* Exercise: Below are some records. Retype exactly the lines from the one containing "- RA05-EN125 Compulsory" through the one containing "加厚磨毛衬衫女秋冬内搭职业通勤叠穿长袖上衣设计感小众衬衣外套", both included, skipping every picture.

* Dataset:
⁂
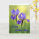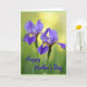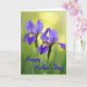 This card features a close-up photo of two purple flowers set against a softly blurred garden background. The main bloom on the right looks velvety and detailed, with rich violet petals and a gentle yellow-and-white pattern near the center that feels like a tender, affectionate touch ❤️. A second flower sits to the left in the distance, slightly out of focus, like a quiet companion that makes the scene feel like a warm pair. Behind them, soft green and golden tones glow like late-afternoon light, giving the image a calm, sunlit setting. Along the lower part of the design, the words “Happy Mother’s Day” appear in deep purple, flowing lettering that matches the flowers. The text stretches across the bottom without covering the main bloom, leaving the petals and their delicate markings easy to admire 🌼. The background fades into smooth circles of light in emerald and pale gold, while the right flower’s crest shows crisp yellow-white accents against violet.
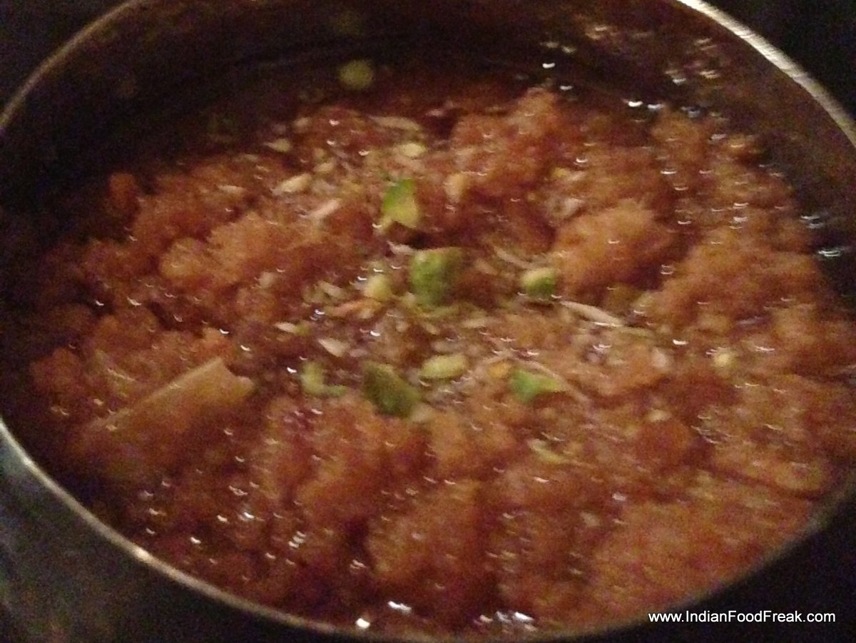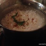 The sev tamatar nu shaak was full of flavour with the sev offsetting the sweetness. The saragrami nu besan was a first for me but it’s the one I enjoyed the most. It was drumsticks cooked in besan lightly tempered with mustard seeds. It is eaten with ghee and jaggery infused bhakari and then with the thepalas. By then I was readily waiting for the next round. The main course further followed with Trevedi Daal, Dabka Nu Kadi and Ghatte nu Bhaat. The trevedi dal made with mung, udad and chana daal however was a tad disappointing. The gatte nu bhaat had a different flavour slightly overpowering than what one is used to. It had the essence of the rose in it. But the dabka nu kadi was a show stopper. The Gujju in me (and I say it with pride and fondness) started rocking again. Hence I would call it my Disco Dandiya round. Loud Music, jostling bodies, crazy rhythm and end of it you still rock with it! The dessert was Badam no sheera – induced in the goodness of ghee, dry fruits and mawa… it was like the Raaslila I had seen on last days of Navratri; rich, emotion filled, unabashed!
⁂
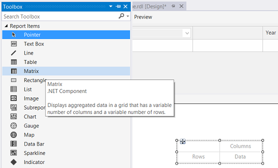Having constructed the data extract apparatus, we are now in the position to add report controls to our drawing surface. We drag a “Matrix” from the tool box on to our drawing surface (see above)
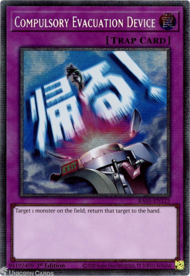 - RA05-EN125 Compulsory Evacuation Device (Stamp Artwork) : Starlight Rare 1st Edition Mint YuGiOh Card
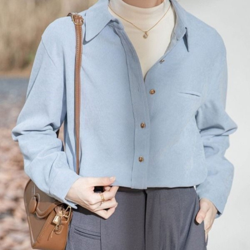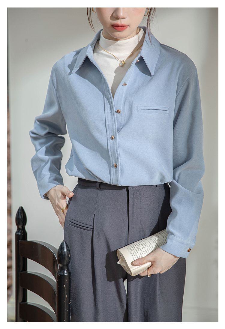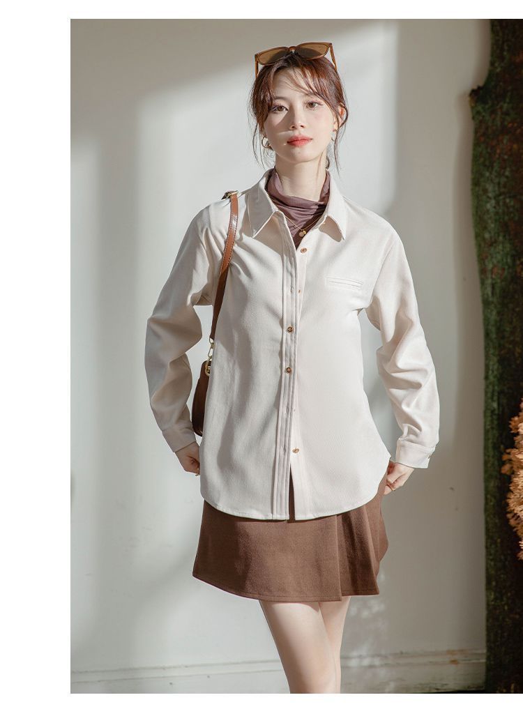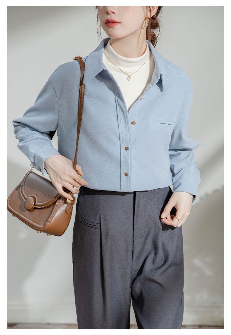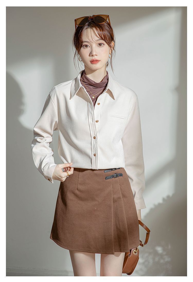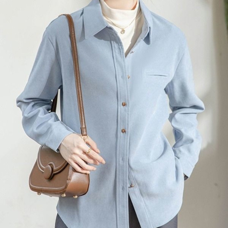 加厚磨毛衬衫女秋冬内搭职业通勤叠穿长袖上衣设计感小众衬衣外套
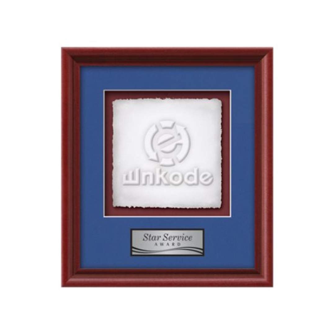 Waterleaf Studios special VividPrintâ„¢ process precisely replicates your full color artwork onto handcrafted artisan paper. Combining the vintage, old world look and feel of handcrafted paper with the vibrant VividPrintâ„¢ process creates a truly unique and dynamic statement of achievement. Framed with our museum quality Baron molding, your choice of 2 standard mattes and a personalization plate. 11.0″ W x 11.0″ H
⁂
* Response:
 - RA05-EN125 Compulsory Evacuation Device (Stamp Artwork) : Starlight Rare 1st Edition Mint YuGiOh Card
 加厚磨毛衬衫女秋冬内搭职业通勤叠穿长袖上衣设计感小众衬衣外套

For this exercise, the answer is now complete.